Ganeri's proposal (which I first read about on Amod Lele's indispensible blog Love of All Wisdom, still one of the only online spots that really practices the kind of philosophy I am talking about in this post) suggests an autonomous institute, separate from academia's usual disciplinary boundaries ("Asian studies," "Philosophy of Mind"), which would be geographically spread out in multiple locations, structured as a linked network.

In his blueprint, Ganeri asks after the cross- and multi-cultural aspirations of philosophy, and speculates on the kind of institution that would best serve and embody them. As Lele underlines, Ganeri is frankly asking for input and discussion either by email -- he includes his email address on the blueprint -- or on blogs or other online forums.
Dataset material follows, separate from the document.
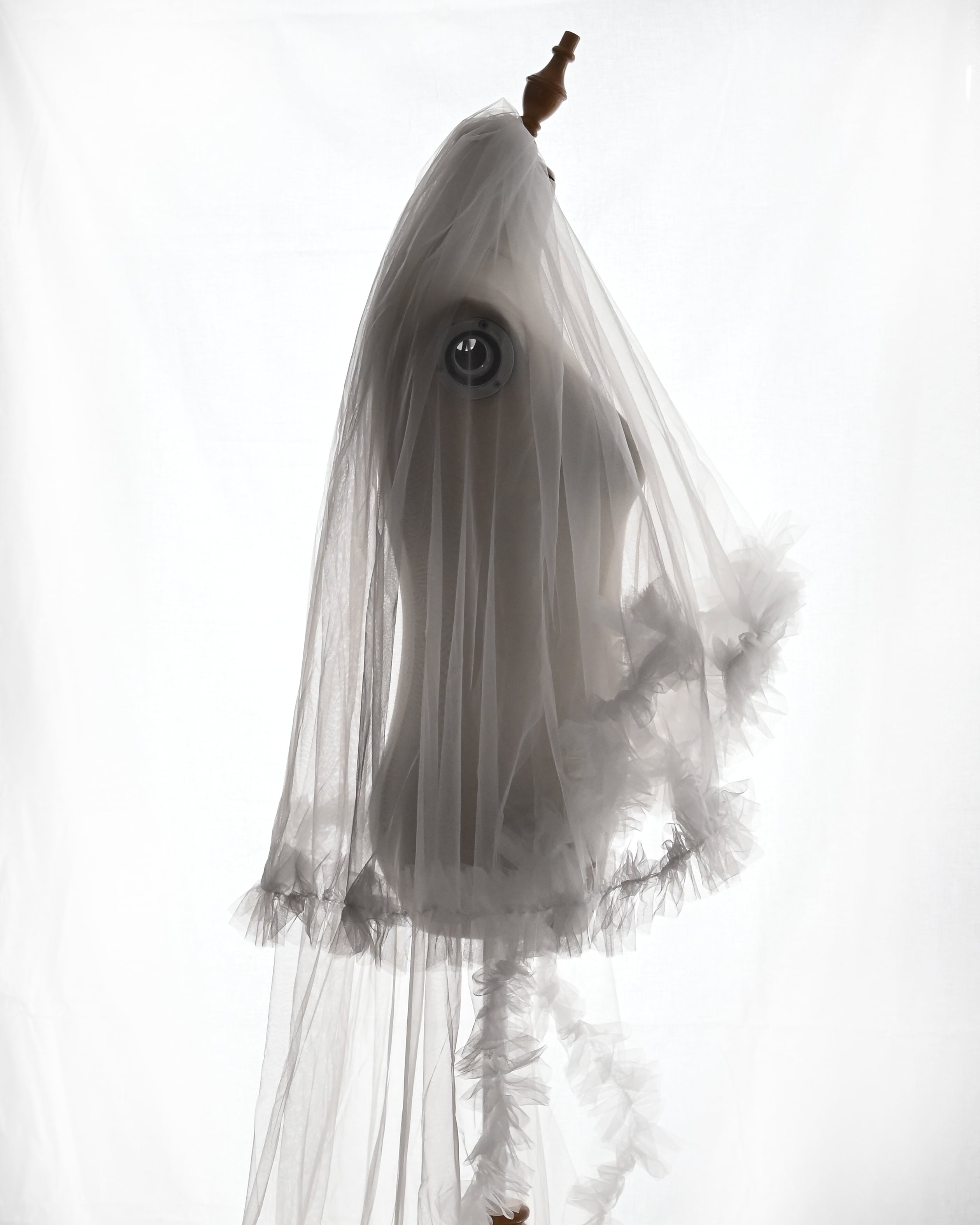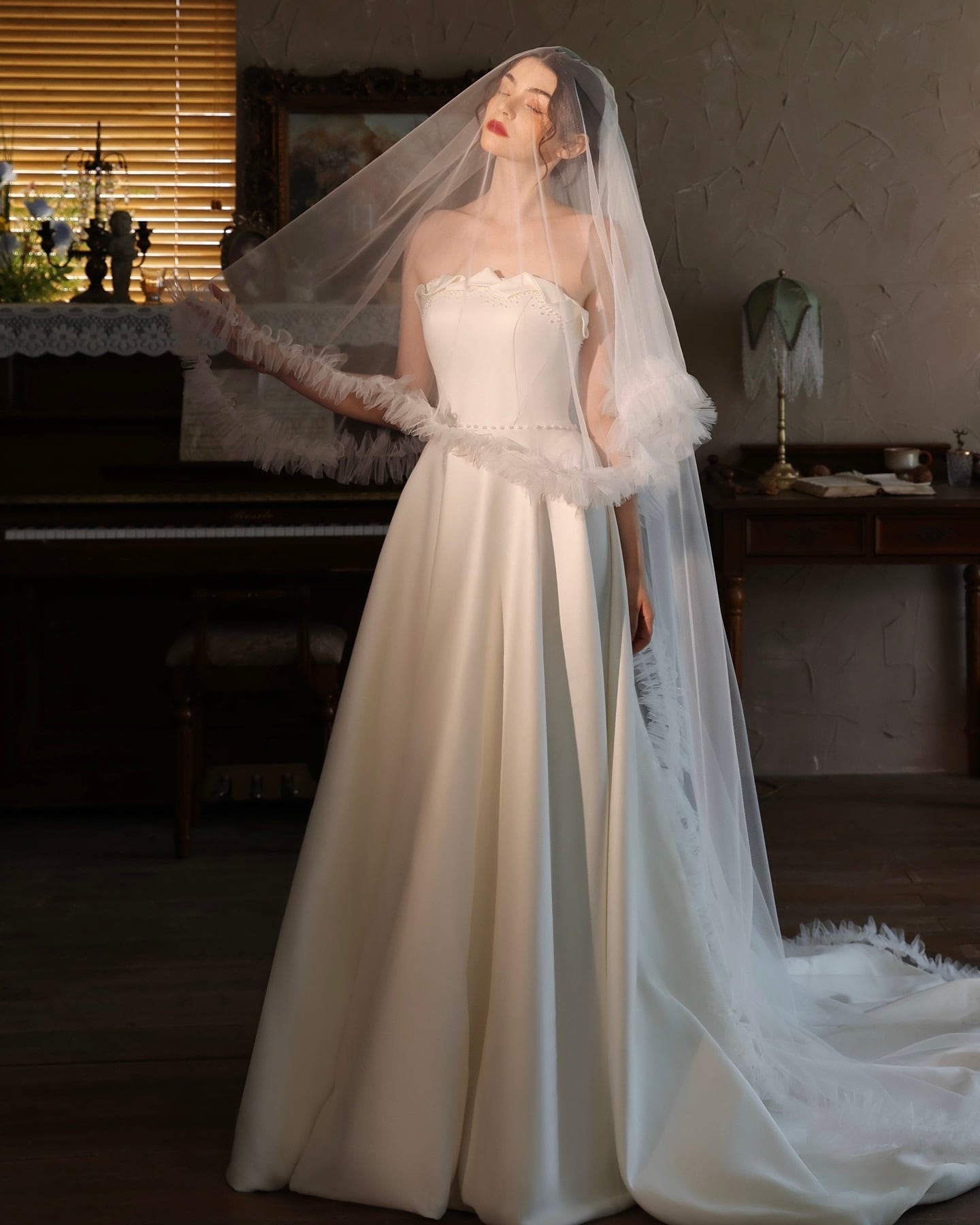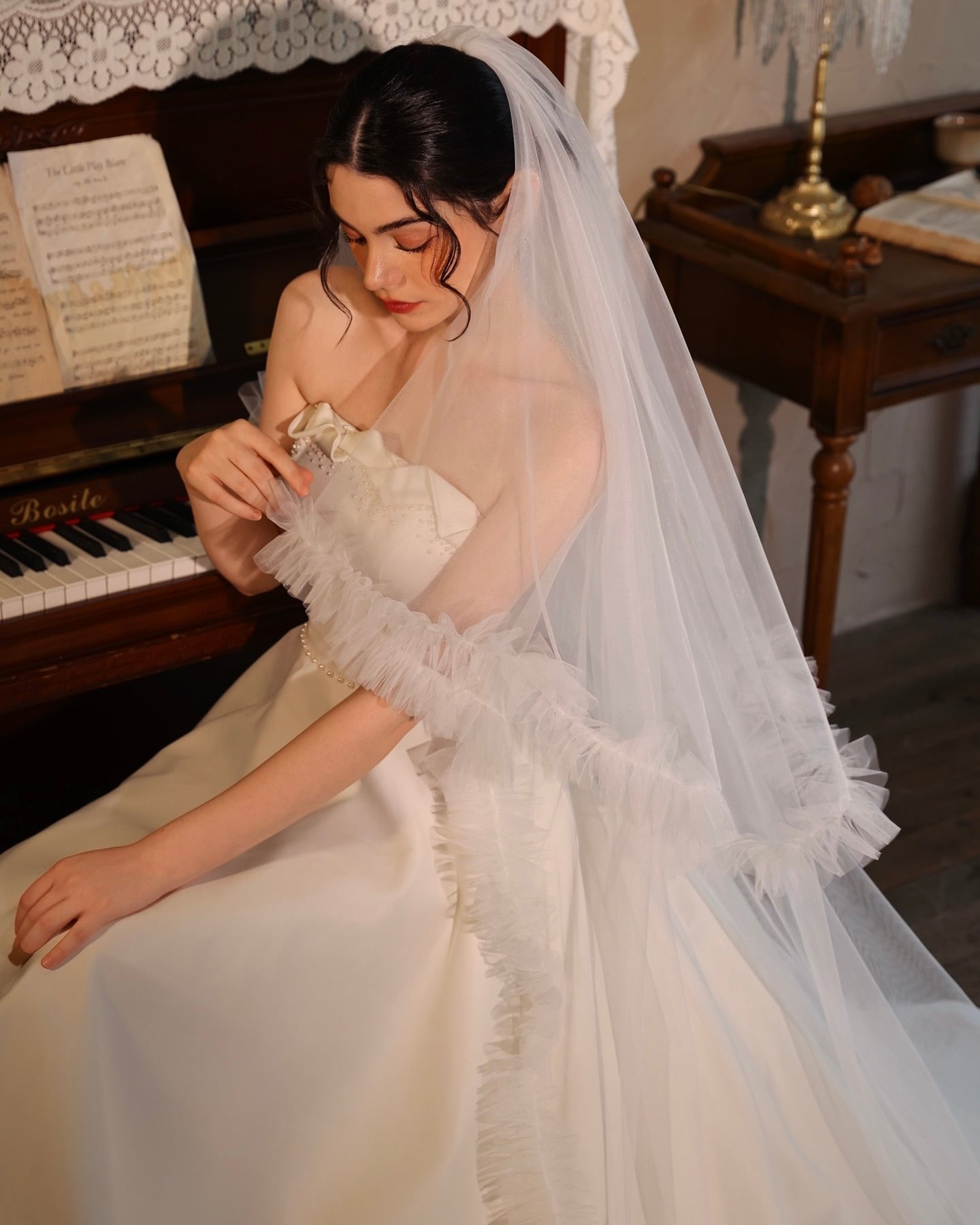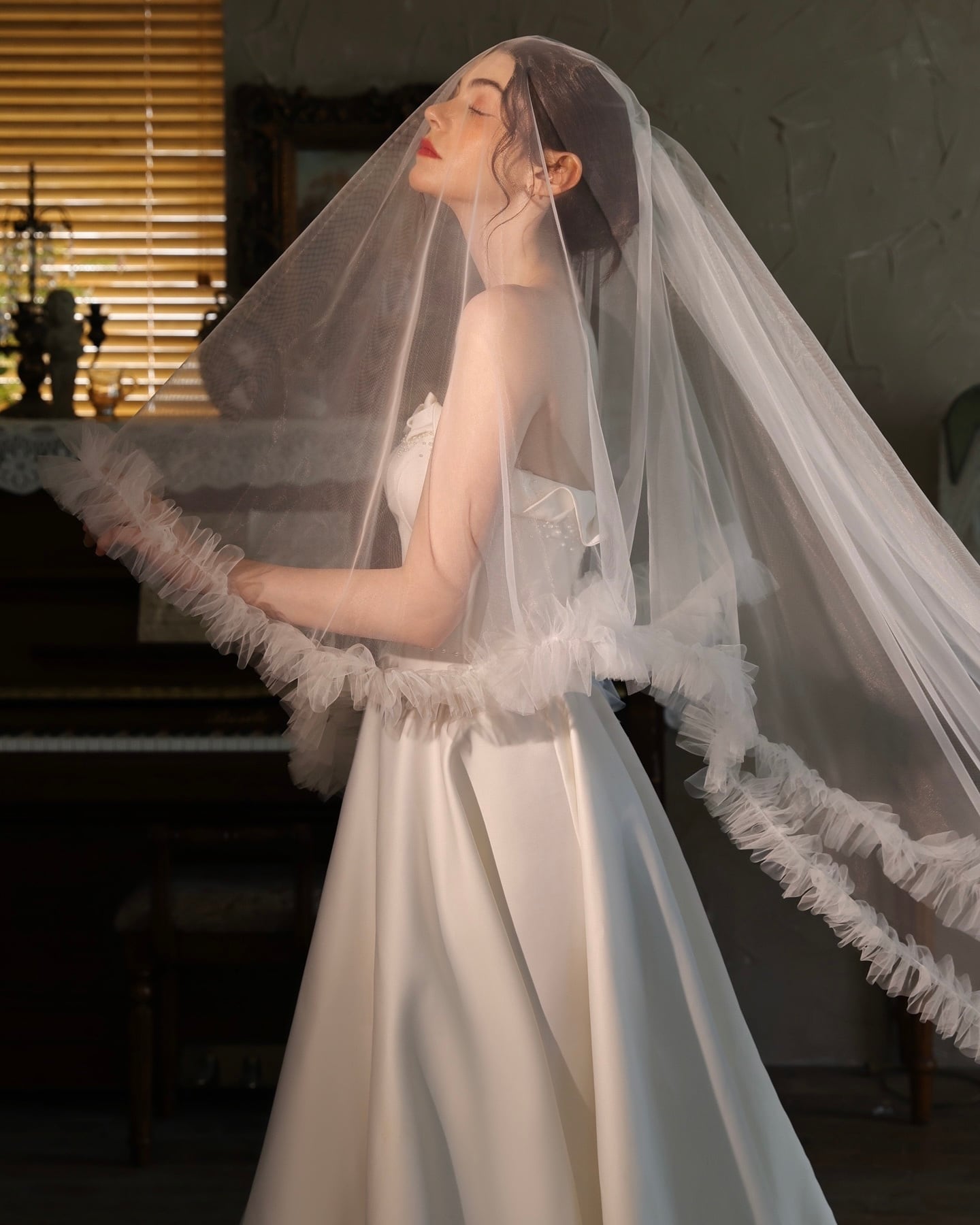 軽やかに揺れるフリルが、花嫁を優しく包み込むエアリーなベール。

I don't know Ganeri personally, but it is obvious that something like his proposal needs to be taken seriously for Western philosophy to really face alterity, or for that matter, for philosophy per se to really aspire to universality, instead of a picture of "the universal" that looks the spit'n' image of something very parochial. It is shockingly clear that this is what philosophy should be doing -- not swaddling the love of wisdom in in a bundle of relativistic politeness, but really aspiring to genuine catholicity. And it seems more and more clear that it isn't going to happen in academe as it stands.

I am a strong proponent of the idea of "the canon"; as the twelve people who read this blog can attest, my shorthand for my position is "platonist," and it's all too plausible that I suffer from less than my share of white liberal affluent (by many standards) guilt -- i.e., that I reflect less often than I could on just how good I have it compared to so many (and that I act on this reflection even less). Point is, I'm not motivated here by standard-issue political correctness. I'm not sure anyone is, anymore. But the blinders on western philosophy have got to come off. I find it impossible to imagine Plato, or Diogenes-"citizen of the world"-the-Cynic, (or Leibniz or Spinoza for that matter) being threatened or annoyed by the suggestion that we might be able to seriously profit from really listening to people who have thought about the same things for going on three or four thousand years.